Google's RDFa a Damp Squib
It's been an interesting week for embedding metadata in HTML. Yesterday I was exploring html5 microdata and today Google announce support for RDFa. At first this announcement seemed like a big deal - Google supporting the web of data in a big way, a real push into the world of open structured data. However, a closer look reveals that Google have basically missed the point of RDFa. The RDFa support is limited to the properties and classes defined on a hastily thrown together site called data-vocabulary.org. There you will find classes for Person and Organization and properties for names and addresses, completely ignoring the millions of pieces of data using well established terms from FOAF and the like. That means everyone has to rewrite all their data to use Google's schema if they want to be featured on Google's search engine. Its like saying you have to write your pages using Google's own version of html where all the tags have slightly different spellings to be listed in their search engine!
The result is a hobbled implementation of RDFa. They've taken the worst part - the syntax - and thrown away the best - the decentralized vocabularies of terms. It's like using microformats without the one thing they do well: the simplicity. This is why I believe Google missed the point. They made the mistake of treating RDFa as an alternative to microformats, which completely ignores its true strength as a structured data format.
As I twittered earlier: it seems odd that Google, a company that thrived on the open messy web, seeks to ignore it and go for a controlled vocabulary.

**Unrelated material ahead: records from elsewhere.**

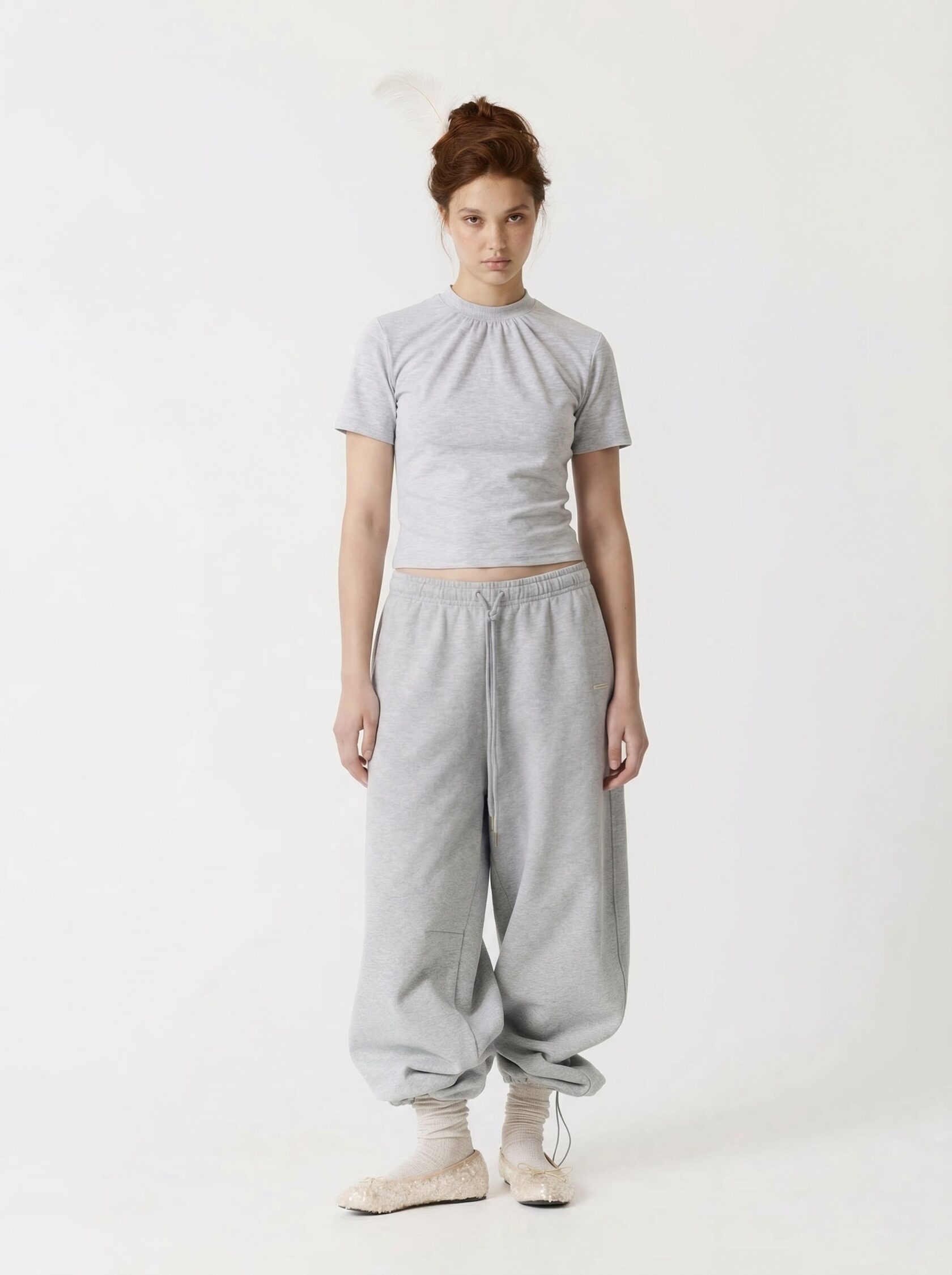 Деликатная сборка по линии горловины добавляет наивный, «девичий» акцент.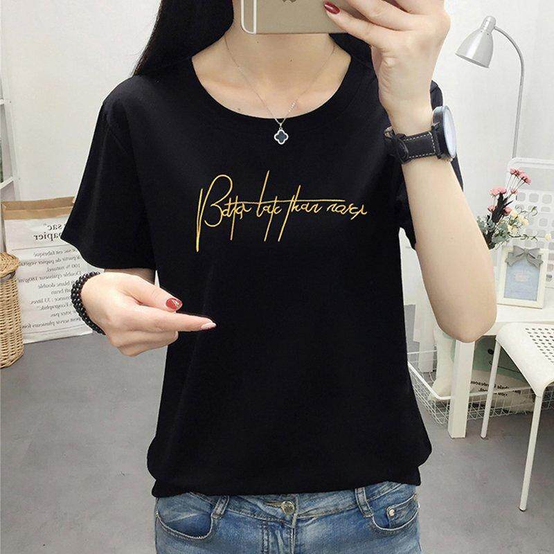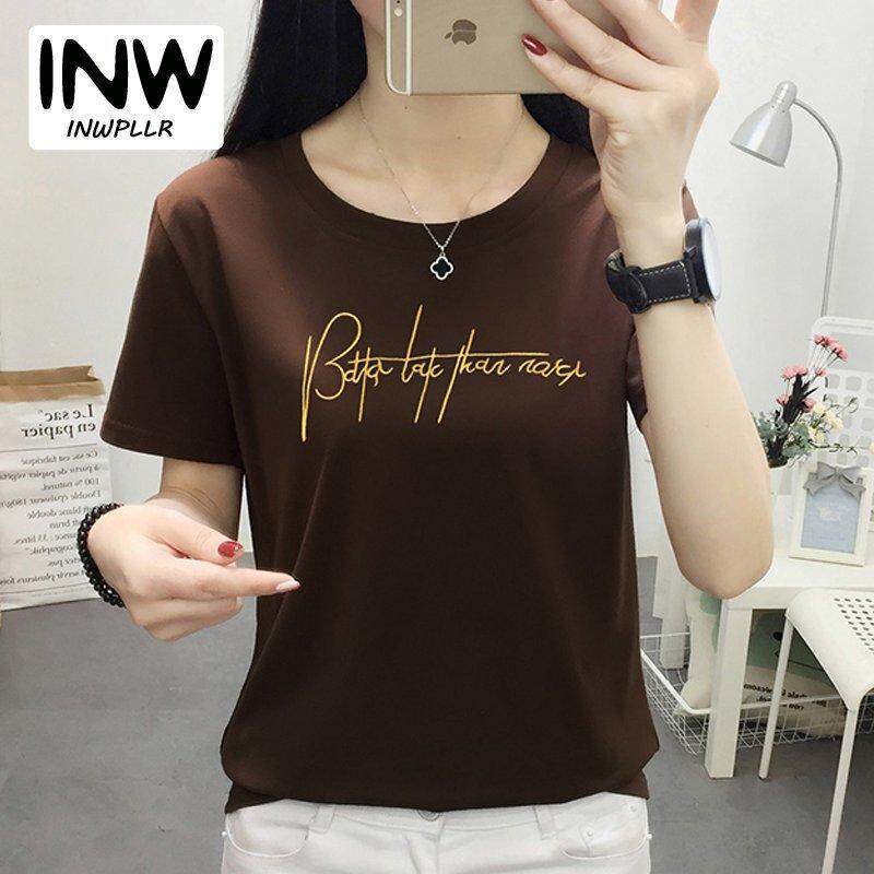 INWPLLR Women's Fashion Tops Tees Letter Embroidery Tshirts M-5XL Plus Size T-Shirts Summer Korean-style Tshirt Casual Short Sleeve T Shirt For Women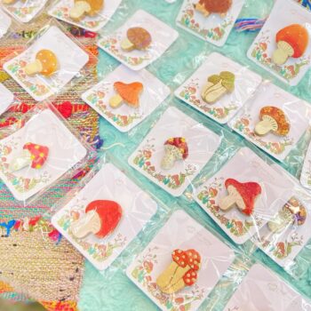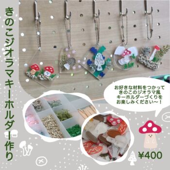 可愛いきのこモチーフの雑貨や、アクセサリーの販売、きのこ関連のワークショップなど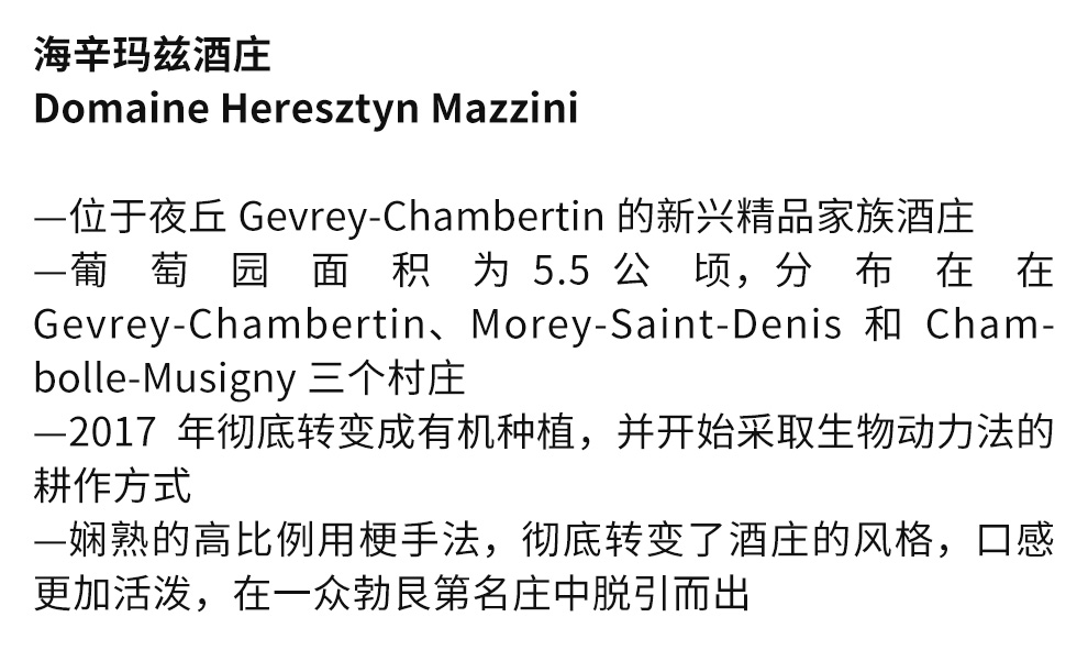 海辛-玛兹酒庄由弗洛伦斯·海辛-玛兹(Florence Heresztyn-Mazzini)和西蒙·海辛-玛兹(Simon Heresztyn-Mazzini)夫妇共同创立。在热夫雷-香贝丹(Gevrey-Chambertin)的一个家庭葡萄园工作十年以后,他们决定开启自己的新征程,海辛-玛兹酒庄由此诞生。该酒庄于2012年发布了第一款酒。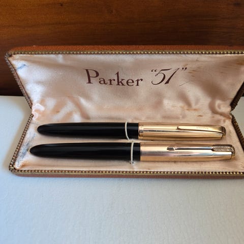 Den smukke og elegante designklassiker fyldepen Parker 51 I Sort I flot stand med lid mærker hvor hætte sættes på
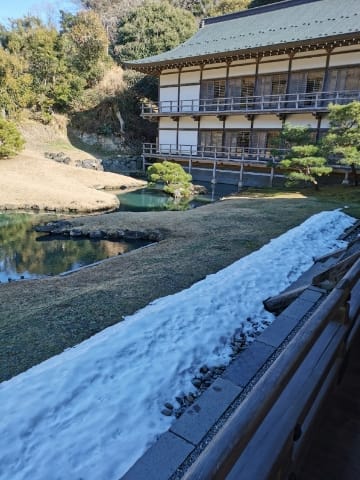 タモリさんも訪れていた建長寺の禅の庭。まだまだ雪が残っていました。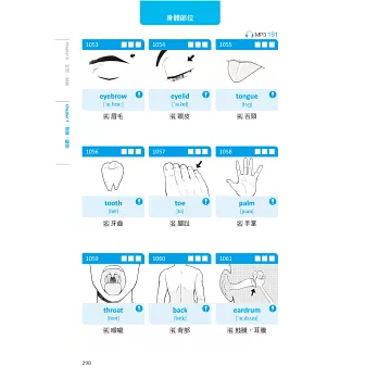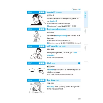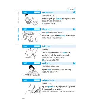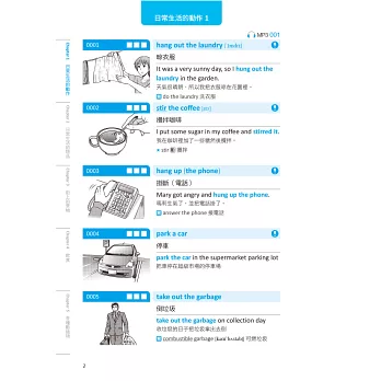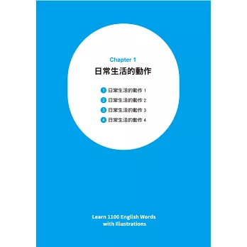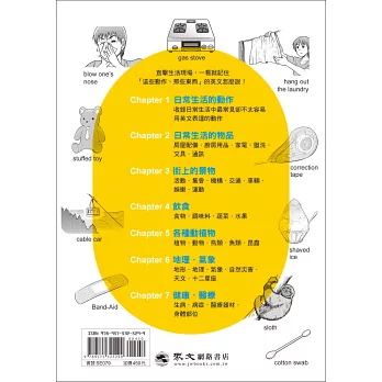 書中把生活中常見的「物件」和「動作」,用漫畫圖解的方式,分門別類細分七大主題,像是訓練狗大小便(housebreak one’s dog)、將襯衫扣上釦子(button up one’s shirt)、舊衣服(hand-me-downs)等1100個字。每組字彙都錄製了美式發音MP3,並提供例句及相關字作為延伸學習。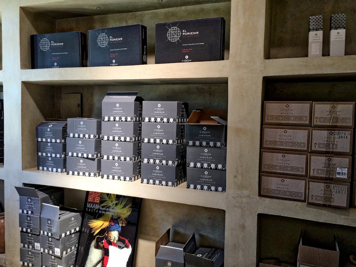 En nuestro caso, pudimos tener una degustación particular, junto con Lucía Romero, propietaria de la bodega, y enólogo Mariano Quiroga. Probamos algunos de los vinos de la bodega, en particular los de la gama alta. Además de los tradicionales Torrontés y Tannat, también saboreamos el Malbec y el Syrah; en éste último caso fue realmente una sorpresa, porque no había probado este varietal en vinos de la zona. Resultó ser un vino realmente elegante. Pero luego pasamos a la segunda parte: armamos dos cortes, en los que combinamos diferentes proporciones de Malbec, Syrah y Tannat. El objetivo era conocer de que manera se pueden crear nuevas propuestas en vinos a partir de la combinación de los distintos varietales. Por cierto, los cortes que comercializa la bodega se hacen a través de la línea El Porvenir. Las otras dos, Laborum y Amauta, son para varietales.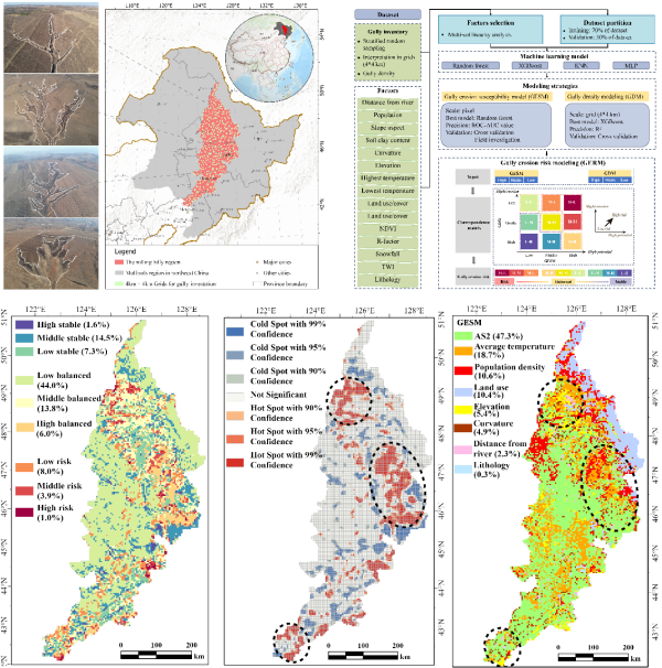 近日,東北地理所黑土退化與修復(fù)學(xué)科組郭明明研究團隊提出了一種新的溝道侵蝕風(fēng)險模型構(gòu)建方法(GERM),該方法將溝蝕敏感性模擬與溝道密度模擬相結(jié)合,預(yù)測了漫川漫崗黑土區(qū)全區(qū)(17.76萬 km2)的溝蝕發(fā)育風(fēng)險。研究采用分層隨機抽樣方法選取了424個4×4 km2區(qū)域,通過0.3~0.6 m分辨率Google Earth影像對樣方中的侵蝕溝進(jìn)行解譯,并抽取30%進(jìn)行實地調(diào)查以保證解譯精度。結(jié)果表明,漫川漫崗黑土區(qū)侵蝕溝平均長度為335.85 m,平均溝壑密度為250.35 m/km2。GERM綜合考慮了Random Forest、XGBoost、KNN以及人工神經(jīng)網(wǎng)絡(luò)四種機器學(xué)習(xí)模型,結(jié)果顯示XGBoost模型表現(xiàn)最佳(AUC=0.999)。全局莫蘭指數(shù)表明溝蝕風(fēng)險存在顯著的空間聚類特征,漫川漫崗黑土區(qū)溝蝕高風(fēng)險區(qū)面積占比高達(dá)12.9%,且這些風(fēng)險區(qū)分布于全區(qū)的中東部、西北部和南部。此外,氣候是驅(qū)動侵蝕溝形成的關(guān)鍵因素,地形和氣候共同決定了全區(qū)溝蝕強度的空間異質(zhì)性,而侵蝕溝未來進(jìn)一步發(fā)育的風(fēng)險則受控于地形、氣候和人類活動的綜合影響,其中匯水地形指數(shù)(AS2)、氣溫、人口密度、土地利用主控區(qū)域面積占比分別為47.3%、18.7%、10.6%、10.4%。南部風(fēng)險區(qū)主要受AS2影響,東部風(fēng)險區(qū)主要受AS2、氣溫、土地利用影響,東北部向小興安嶺過渡地帶溝蝕風(fēng)險主要受人類活動強度(土地利用和人口密度)的影響,而西北部風(fēng)險區(qū)受控因素更為復(fù)雜多樣。研究結(jié)果可為東北黑土區(qū)侵蝕溝防控與治理提供科學(xué)依據(jù)。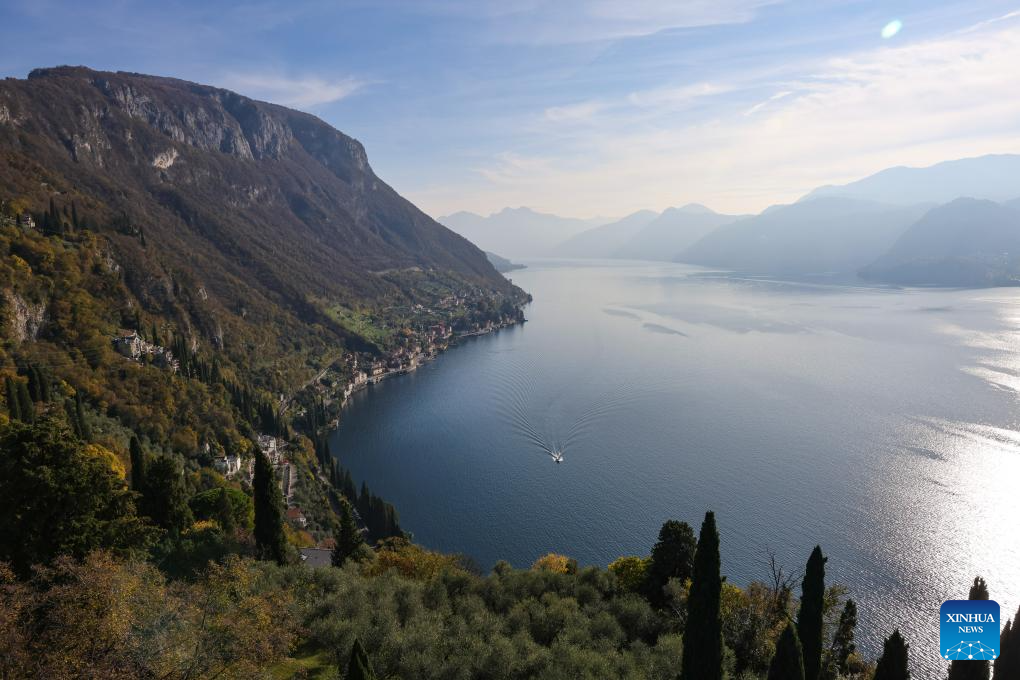 VARENNA, 8 noviembre, 2025 (Xinhua) -- Imagen del 7 de noviembre de 2025 del paisaje del lago Como, en la región de Lombardía, Italia. (Xinhua/Li Jing)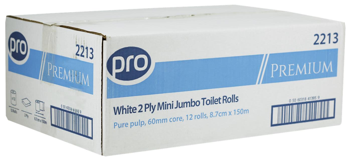 Toilet Paper Back to Mini Jumbo Toilet Rolls PRO Mini Jumbo 2 Ply White Toilet Tissue 150m (60mm core) PRO Mini Jumbo 2 Ply White Toilet Tissue 150m (60mm core) Pure pulp, boxed rolls Out of stock Code 2213 Login to find out more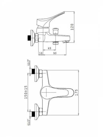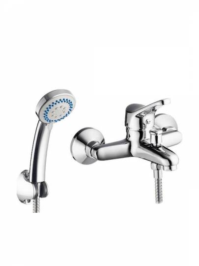 Αναμεικτική επίτοιχη μπαταρία λουτρού με σετ ντους (τηλέφωνο, σπιράλ και στήριγμα ντους).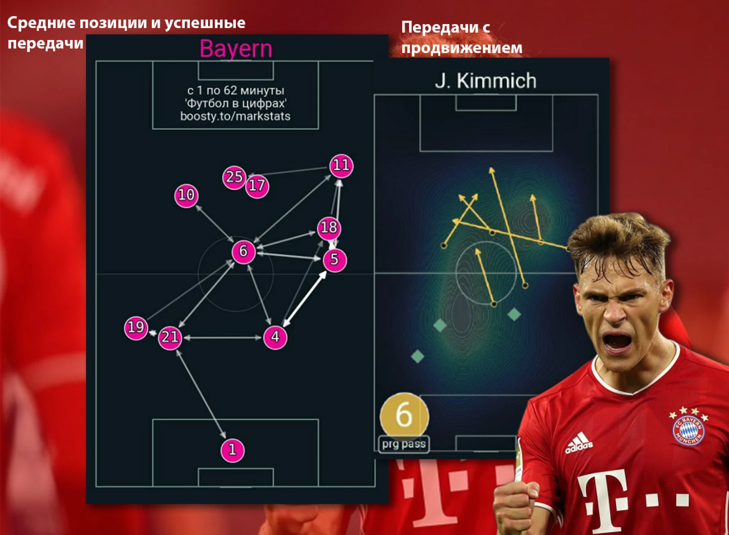 Йозуа Киммих против Интера виртуозно диктовал темп игры, а также дирижировал мячом из глубины поля. Это доказывают диаграммы на последней картинке: по ним видно, что немец был центральной фигурой в построениях Баварии и большинство продвигающих передач шли из центра.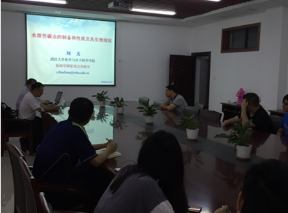 6月5日,应公司研究生十五届创新论坛邀请,武汉大学刘义教授在公司英国正版365A314会议室作了题为“水溶性碳点的制备和性质及其生物效应”的学术报告。英国正版365相关研究方向的教师及研究生聆听了报告并进行了深入交流。

I'm hoping that this is just a toe in the water and more will come. But there's a part of me that thinks otherwise. Surely there's no way the smart people in Google didn't know about the existing vocabularies and data for people, places, reviews and businesses? We've all seen large companies claim support for key standards yet deliver partial or broken implementations and some companies use that as a deliberate tactic to undermine the standard itself, to break interoperability or make it impossibly hard. Its very easy for these situations to be explained away as a mistake, or as a work in progress, but we need to push and dig deeper and hold companies to their very public claims.